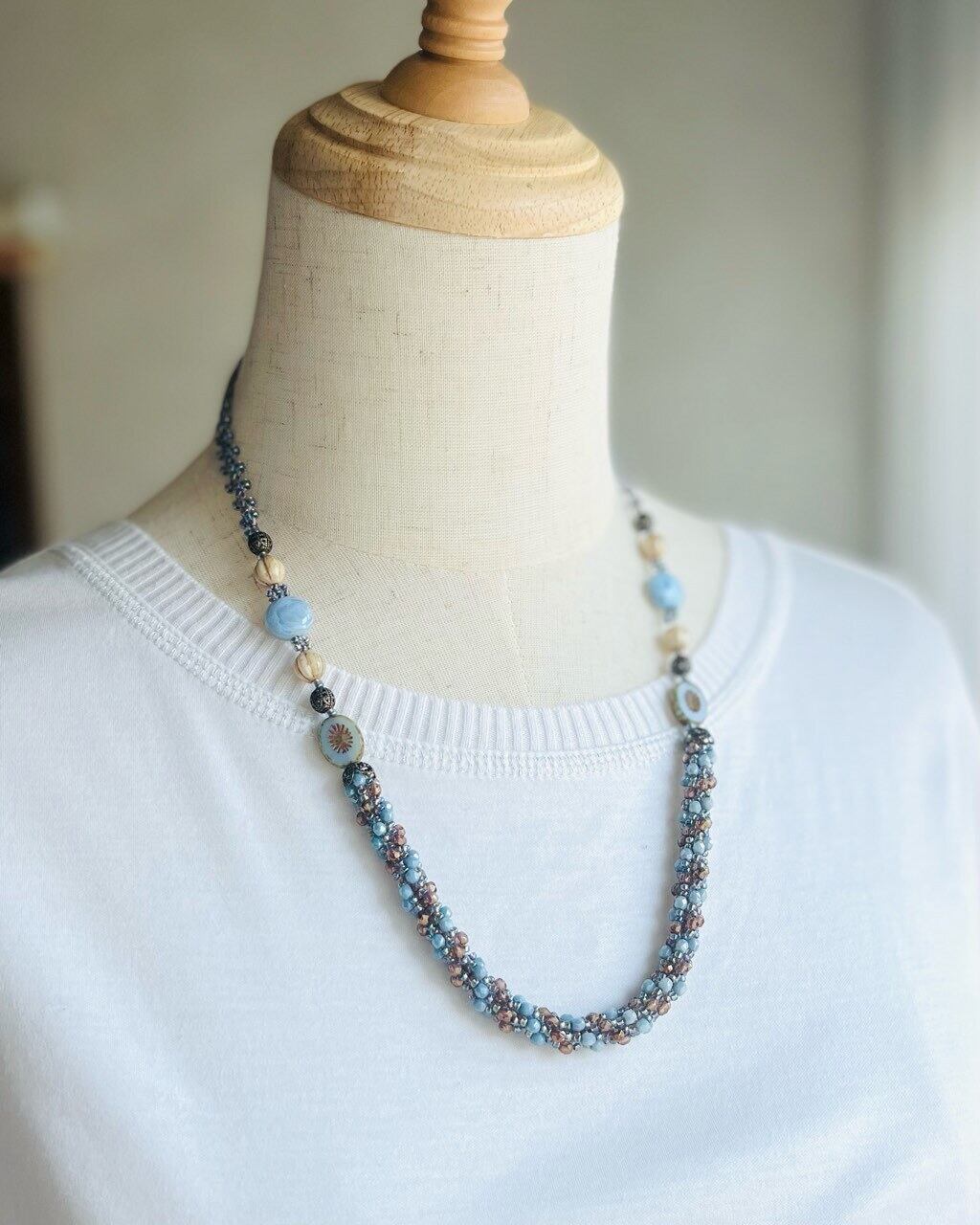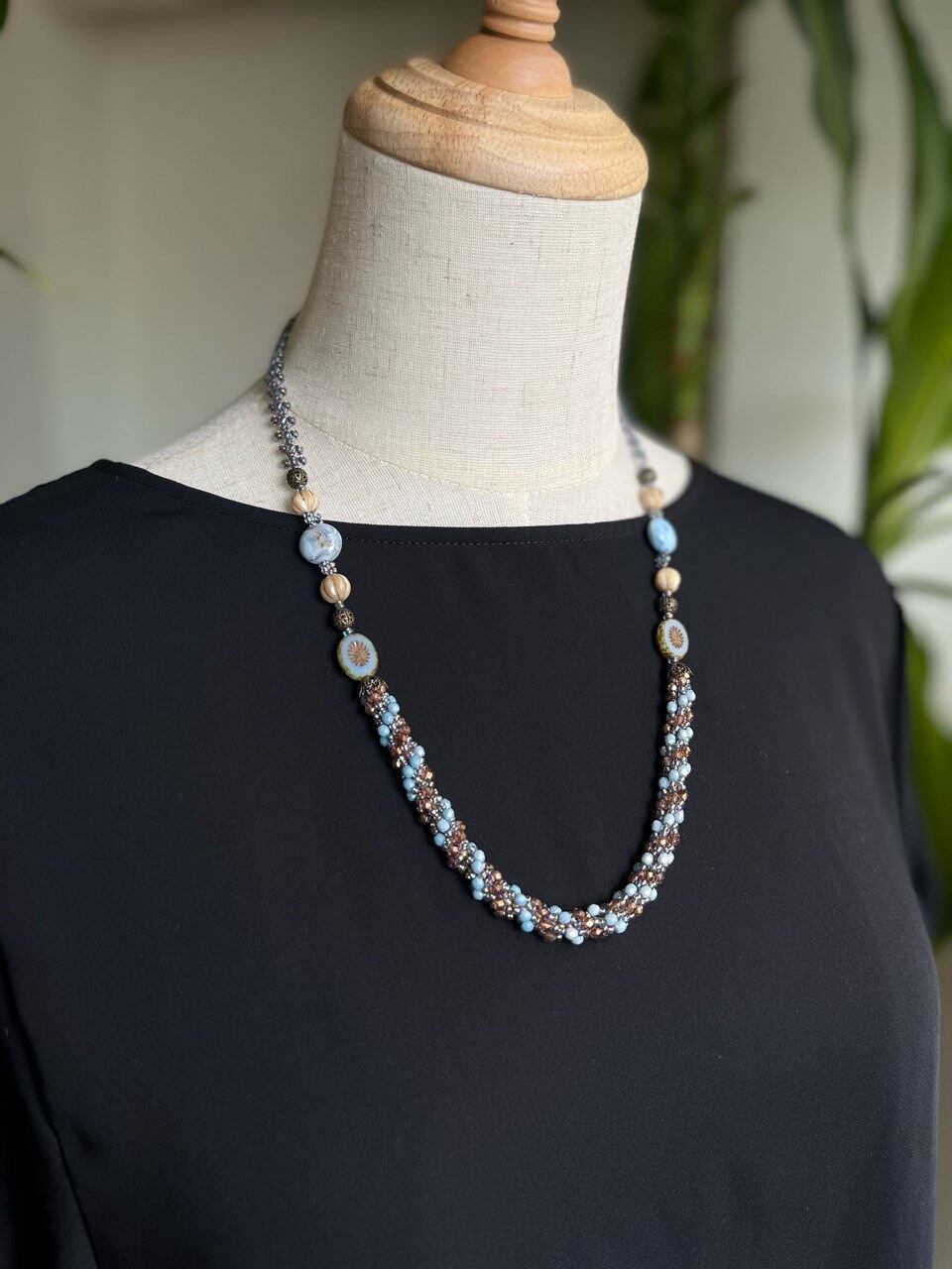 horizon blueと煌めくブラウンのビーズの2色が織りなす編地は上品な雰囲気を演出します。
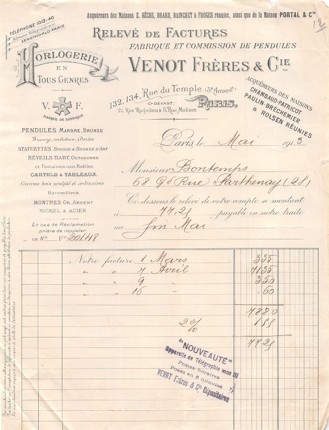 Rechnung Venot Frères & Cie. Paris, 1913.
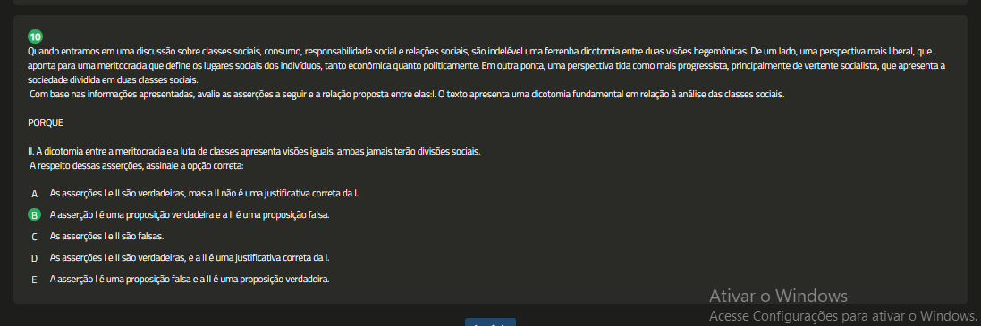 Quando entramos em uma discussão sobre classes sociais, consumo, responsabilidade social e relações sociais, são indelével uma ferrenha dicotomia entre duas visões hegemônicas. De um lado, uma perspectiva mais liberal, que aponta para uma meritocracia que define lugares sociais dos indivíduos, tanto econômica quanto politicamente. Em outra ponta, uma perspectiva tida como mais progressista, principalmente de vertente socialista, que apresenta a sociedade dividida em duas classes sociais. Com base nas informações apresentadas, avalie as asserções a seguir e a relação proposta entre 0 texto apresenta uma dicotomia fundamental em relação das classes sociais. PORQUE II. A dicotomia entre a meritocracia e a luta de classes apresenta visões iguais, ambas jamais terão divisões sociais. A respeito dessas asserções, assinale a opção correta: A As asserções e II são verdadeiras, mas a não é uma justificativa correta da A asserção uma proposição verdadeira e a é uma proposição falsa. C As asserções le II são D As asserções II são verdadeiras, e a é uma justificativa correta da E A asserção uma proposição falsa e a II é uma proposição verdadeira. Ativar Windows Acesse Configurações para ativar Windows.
════════════════════
▶ **Requirement**
Repeat the listing in full and exactly. Do not include any images.

▶ **Exercise result**
 horizon blueと煌めくブラウンのビーズの2色が織りなす編地は上品な雰囲気を演出します。
 Rechnung Venot Frères & Cie. Paris, 1913.
 Quando entramos em uma discussão sobre classes sociais, consumo, responsabilidade social e relações sociais, são indelével uma ferrenha dicotomia entre duas visões hegemônicas. De um lado, uma perspectiva mais liberal, que aponta para uma meritocracia que define lugares sociais dos indivíduos, tanto econômica quanto politicamente. Em outra ponta, uma perspectiva tida como mais progressista, principalmente de vertente socialista, que apresenta a sociedade dividida em duas classes sociais. Com base nas informações apresentadas, avalie as asserções a seguir e a relação proposta entre 0 texto apresenta uma dicotomia fundamental em relação das classes sociais. PORQUE II. A dicotomia entre a meritocracia e a luta de classes apresenta visões iguais, ambas jamais terão divisões sociais. A respeito dessas asserções, assinale a opção correta: A As asserções e II são verdadeiras, mas a não é uma justificativa correta da A asserção uma proposição verdadeira e a é uma proposição falsa. C As asserções le II são D As asserções II são verdadeiras, e a é uma justificativa correta da E A asserção uma proposição falsa e a II é uma proposição verdadeira. Ativar Windows Acesse Configurações para ativar Windows.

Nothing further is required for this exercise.